Provider Eligibility

  • Who is eligible to provide telehealth services under the Better Access initiative?

    The Better Access telehealth services can be delivered by eligible allied mental health professionals, specifically, clinical psychologists, registered psychologists, and eligible occupational therapists and social workers. Click here for more information about eligibility for providers

  • Can the general practitioner (GP) do the GP Mental Health Plan by telehealth?

    No. Refer to the Australian Government Department of Health - Better Access Telehealth Frequently Asked Questions.

  • Can psychiatrists and paediatricians also refer patients for telehealth?

    Yes. The referral arrangements for psychological services under the Better Access Initiative apply to telehealth services. Information about referral requirements are contained in the Medicare Benefits Schedule.

Eligible Recipients

  • Who can receive a Better Access psychological service via telehealth?

    Clients must meet the usual requirements for a Better Access service and  be in a rural, remote or very remote region at the time of the service. The client must also be located more than 15 kilometres by road from the providing practitioner. Click here for information about eligibility for Better Access to mental health, and click here for specific information about telehealth eligibility)
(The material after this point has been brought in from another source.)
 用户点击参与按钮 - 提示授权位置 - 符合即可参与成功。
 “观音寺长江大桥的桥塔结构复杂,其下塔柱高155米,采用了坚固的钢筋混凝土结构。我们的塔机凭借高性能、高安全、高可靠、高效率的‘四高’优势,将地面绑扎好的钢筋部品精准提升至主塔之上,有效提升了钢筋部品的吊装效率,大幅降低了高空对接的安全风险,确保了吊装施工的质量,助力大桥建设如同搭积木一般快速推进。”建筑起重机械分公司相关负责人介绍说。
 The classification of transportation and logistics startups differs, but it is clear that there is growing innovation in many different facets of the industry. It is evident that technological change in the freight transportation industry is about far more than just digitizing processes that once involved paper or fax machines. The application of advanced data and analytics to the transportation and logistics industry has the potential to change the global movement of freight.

  • What determines if a region is rural, remote, or very remote?

    The Australian Department of Health uses the Modified Monash Model (MMM) to classify geographical regions. The MMM replaces the Accessibility/Remoteness Index of Australia (ARIA). Click here to read more about MMM. Rural, remote and very remote regions are classified as regions MMM4-7.
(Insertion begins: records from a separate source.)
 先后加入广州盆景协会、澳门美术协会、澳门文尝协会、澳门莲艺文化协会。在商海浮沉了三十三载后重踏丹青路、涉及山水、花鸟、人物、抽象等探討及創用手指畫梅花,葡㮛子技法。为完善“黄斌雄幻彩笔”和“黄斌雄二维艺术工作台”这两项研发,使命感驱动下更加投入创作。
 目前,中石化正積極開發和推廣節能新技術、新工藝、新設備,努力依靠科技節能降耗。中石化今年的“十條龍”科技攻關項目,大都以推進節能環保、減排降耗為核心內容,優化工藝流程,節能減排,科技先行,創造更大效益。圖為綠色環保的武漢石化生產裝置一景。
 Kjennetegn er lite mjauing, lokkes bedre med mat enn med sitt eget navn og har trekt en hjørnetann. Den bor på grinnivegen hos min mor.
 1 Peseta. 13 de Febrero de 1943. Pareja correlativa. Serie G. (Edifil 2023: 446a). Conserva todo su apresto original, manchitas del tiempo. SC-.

  • How can I check whether the potential client is located in the Monash Modified Model (MMM) regions 4-7?

    The Doctor Connect website contains a searchable online map that can be used to check whether the client is located in regions MMM4-7. Click here to be redirected to the Doctor Connect website and then enter the client’s postcode. The search will identify the MMM region classifications from MMM1-7.

  • Can I offer telehealth videoconferencing services to clients who are fly in-fly out (FIFO) workers in MMM4-7?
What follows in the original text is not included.